One of the mornings I called in sick on the day job, my supervisor said, “You’ve been doing this too much.” A two-week suspension without pay ran until just past Christmas, and when I was to report back to work December 26, I didn’t. The night job had folded just days before, so I ended up with no income at all, just a couple thousand dollars in savings.
I had breakfast at the Thru-Way Diner, New Rochelle — really depressed! I drove to a liquor store in town, bought two bottles of Gordon’s vodka, drove back to the diner parking lot intending to consume it all. I drank down one bottle in seconds, then half the other. I threw the car keys into the back. My intention was I’d die — just go into unconsciousness and never come out of it. Well, habitually, I leaned back and got a hold of the car keys, started the engine, and drove to the Ramada Inn two miles away, where I often meditated in my car. I don’t know how I got there, since I’d passed out behind the wheel just after exiting the New England Thruway, exit 15 or maybe 16. Momentarily coming to, I caught a glimpse of a truck coming up fast ahead of me — pretty sure I hadn’t hit it. I passed out again, not to come to again for over seven hours, when I found myself perfectly parked in a Ramada Inn parking space — how did I do that!?
I felt very strange — ethereal, really, as if I’d been somewhere far away, out of this life. Nearly as if angels were all around me, not seen, but felt. I can’t tell you how wonderful it was! I looked into my car’s rear-view mirror and saw such strange-looking eyes — mine! The blue of my eyes turned totally black, the pupil and iris one. It was like the CBS eye!
I got out of the car, noticed the hood had been smashed in. To get the car running again, I had to pull out the radiator a little. One headlight gone, and there was a definite impact shape on the car’s hood. I had hit something, but how strange the impact — not at all what one might expect had I hit something, or had something hit me, some heavy object, perhaps, falling onto the hood? But what?
I asked around. “Any of you seen or heard about an accident around here?” Nothing. I even called the police, and they hadn’t heard about any accident. I had to have hit something, or someone — maybe an animal? Perish the thought — I felt horrified at the prospect. Then the thought came to me: the supernatural! How else could I explain it? Especially the “ethereal” experience I’d had, the “angel.” I became convinced that The Lord Jesus Christ made that imprint on the hood of my car (HE could even have driven my car the rest of the way, like “Footprints in the Sand” — or tire treads on the pavement). Had He done this, through my eyes that I myself could not see out of?

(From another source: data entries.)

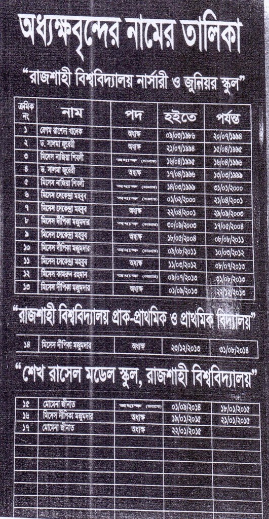 প্রয়োজনের পরিপ্রেক্ষিতে পর্যায়ক্রমে মিসেস সেকেন্দ্রা মাহবুব, মিসেস দীপিকা মজুমদার, মিসেস কামরুন রহমান, মিসেস শরীফা খাতুন, মিসেস মোমেনা জীনাত, মিসেস লায়লা আরজুমান্দ বানু, মিসেস সুমিতা মিত্র, মিসেস নূরুন নাহার খান, মিসেস মনোয়ারা রহমান ও মিসেস কামরুন্নেছা লেখা ১৯৯৯ সালের মধ্যে স্কুলে যোগদান করেন। ০৬-১২-১৯৯৭ সালে পরিচালনা পরিষদে সর্বসম্মতিক্রমে স্কুলটির নাম আংশিক সংযোজন করে রাজশাহী বিশ্ববিদ্যালয় নার্সারী ও জুুনিয়র স্কুল রাখা হয়। সময়ের ধারাবাহিকতায় স্কুলে শিক্ষার্থী ও শিক্ষক বৃদ্ধির সাথে সাথে বিশ্ববিদ্যালয় প্রশাসন ক্লাসরুম এবং আনুষঙ্গিক সকল দিকে সাহায্যের হাত বাড়িয়ে দিয়েছেন সকল সময়েই।
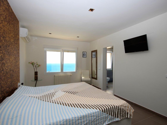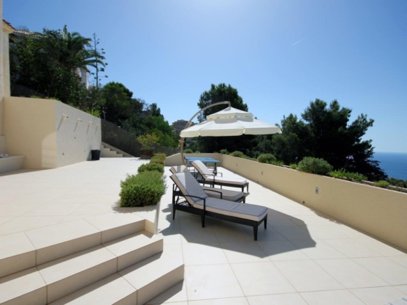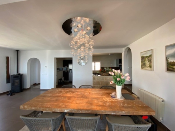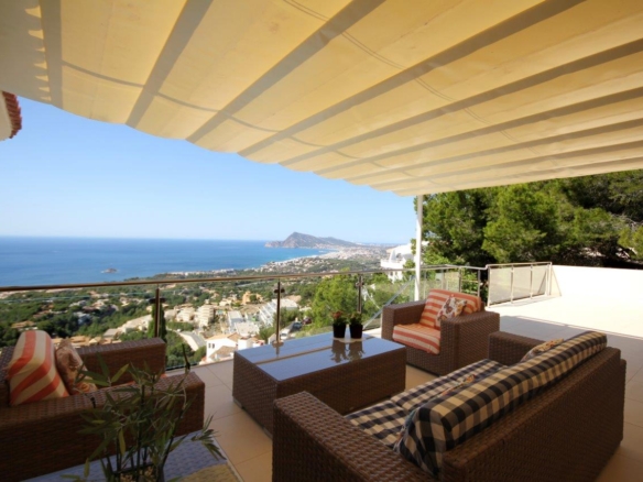 Beautiful very well maintained south facing Mediterranean villa with fantastic panoramic sea views up to Alicante. Only 5 car minutes from the charming village of Altea la Vella with shopping facilities, bars and restaurants. Also the golf course and clubhouse of Don Cayo is 10 minutes by car. The villa was completely renovated in 2010 and the facades and outdoor kitchen have been recently updated. The house has an entrance hall on the second floor which gives access to the spacious living dining room with lots of natural light. There is a partly open fully equipped modern kitchen with American fridge-freezer. There is also a spacious terrace with an outdoor toilet, a utility room, an outdoor kitchen with BBQ and a lounge that is partly covered and partly open. Also still on the ground floor there is a guest toilet, a master bedroom with en suite bathroom and dressing room. On a lower level there is a double bedroom with en suite bathroom dressing room. Furthermore, there are 2 more guest bedrooms sharing a bathroom. Outside there is another garage of 31.7m2 for 2 cars’, a heated pool of 42m2 by means of a heat pump. A large pool terrace and shower room integrated into the house. Installation of 14 solar panels.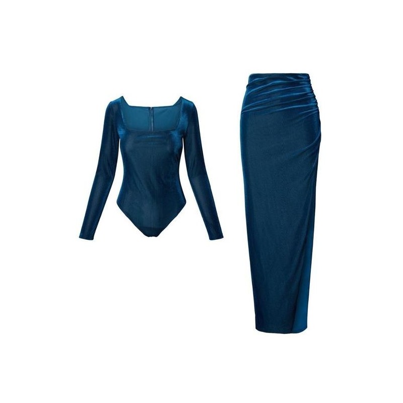 Set compuesto por pantiblusa manga larga cuello redondo y falda larga entallada abertura en pierna stretch .
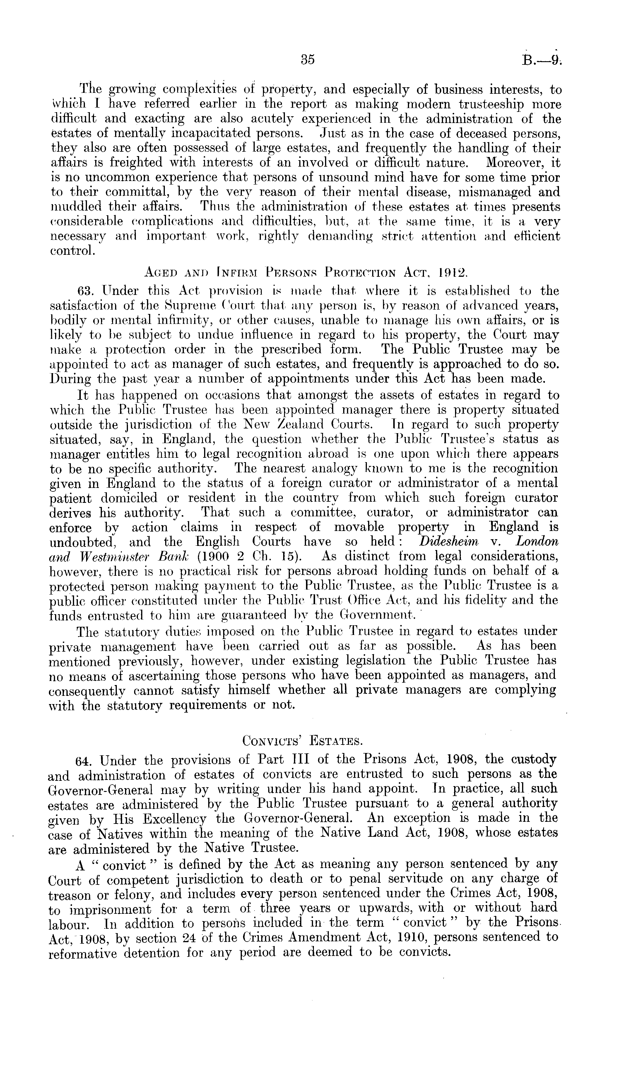 The growing complexities of property, and especially of business interests, to which I have referred earlier in the report as making modern trusteeship more difficult and exacting are also acutely experienced in the administration of the estates of mentally incapacitated persons. Just as in the case of deceased persons, they also are often possessed of large estates, and frequently the handling of their affairs is freighted with interests of an involved or difficult nature. Moreover, it is no uncommon experience that persons of unsound mind have for some time prior to their committal, by the very reason of their mental disease, mismanaged and muddled their affairs. Thus the administration of these estates at times presents considerable complications and difficulties, but, at the same time, it is a very necessary and important work, rightly demanding strict attention and efficient control. Aged and Infirm Persons Protection Act, 1912. 63. Under this Act provision is made that where it is established to the satisfaction of the Supreme Court that any person is, by reason of advanced years, bodily or mental infirmity, or other causes, unable to manage his own affairs, or is likely to be subject to undue influence in regard to his property, the Court may make a protection order in the prescribed form. The Public Trustee may be appointed to act as manager of such estates, and frequently is approached to do so. During the past year a number of appointments under this Act has been made. It has happened on occasions that amongst the assets of estates in regard to which the Public Trustee has been appointed manager there is property situated outside the jurisdiction of the New Zealand Courts. In regard to such property situated, say, in England, the question whether the Public Trustee's status as manager entitles him to legal recognition abroad is one upon which there appears to be no specific authority. The nearest analogy known to me is the recognition given in England to the status of a foreign curator or administrator of a mental patient domiciled or resident in the country from which such foreign curator derives his authority. That such a committee, curator, or administrator can enforce by action claims in respect of movable property in England is undoubted, and the English Courts have so held: Didesheim v. London and Westminster Bank (1900 2 Ch. 15). As distinct from legal considerations, however, there is no practical risk for persons abroad holding funds on behalf of a protected person making payment to the Public Trustee, as the Public Trustee is a public officer constituted under the Public Trust Office Act, and his fidelity and the funds entrusted to him are guaranteed by the Government. The statutory duties imposed on the Public Trustee in regard to estates under private management have been carried out as far as possible. As has been mentioned previously, however, under existing legislation the Public Trustee has no means of ascertaining those persons who have been appointed as managers, and consequently cannot satisfy himself whether all private managers are complying with the statutory requirements or not. Convicts' Estates. 64. Under the provisions of Part 111 of the Prisons Act, 1908, the custody and administration of estates of convicts are entrusted to such persons as the Governor-General may by writing under his hand appoint. In practice, all such estates are administered by the Public Trustee pursuant to a general authority oiven by His Excellency the Governor-General. An exception is made in the case of Natives within the meaning of the Native Land Act, 1908, whose estates are administered by the Native Trustee. A " convict" is defined by the Act as meaning any person sentenced by any Court of competent jurisdiction to death or to penal servitude on any charge of treason or felony, and includes every person sentenced under the Crimes Act, 1908, to imprisonment for a term of three years or upwards, with or without hard labour. In addition to persons included in the term " convict " by the Prisons Act, 1908, by section 24 Of the Crimes Amendment Act, 1910, persons sentenced to reformative detention for any period are deemed to be convicts.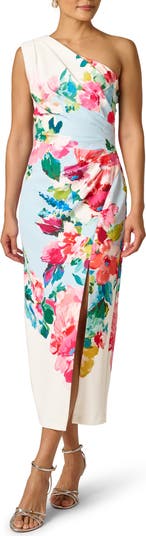 Soft pleats enhance the texture and dimension of this shoulder-showing gown romanced by vivid painterly blooms and accented with a leg-baring side slit for graceful movement.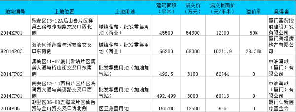 此外,中油海峡底价竞得2014JP02、2014TP01两幅批发零售用地;建发底价竞得本次土拍唯一岛内地块——2014P05。

There I was, post-accident, with my dented car, and Christmas coming. Two nights before I left my home of fourteen years for good, I yelled to God, “This is Satan’s holiday!” (I’d just been turned down by my brother when I’d asked to live with him for a while.) I saw the handwriting on the wall; I could not continue living in that place — no place now except my car.
I started out living at the Yonkers Cross Country Center through Christmas; then, driving out to Commack, Long Island, Truck Rest Stop, exit 52.
Imagine spending Christmas Day living in a car — and Christmas Eve! But it really wasn’t so bad. I got up early Christmas morning, the only one parked at the Yonkers Cross Country Center Cinema parking lot. A man was jogging with his dog – I’d beckoned him to stop by, which he did. It was a sunny day, the sparkling remains of snow from a storm. I told him what had happened to me. He said, “God loves you.”
The day went well despite no gift exchange — though maybe the kind one does not see — a lovely relationship with God! I’d eaten, seen Jumanji with Robin Williams, a good movie for me at the time — elephants running through a house.
Then came the blizzard of ’96. All vehicles had to be off the roads, but what about me? My Skyhawk Angel was my home — my guardian angel! The snow had really started to come down hard — sideways, in swirls, forming beautiful patterns and drifts. My car actually started to look like an angelic ice sculpture.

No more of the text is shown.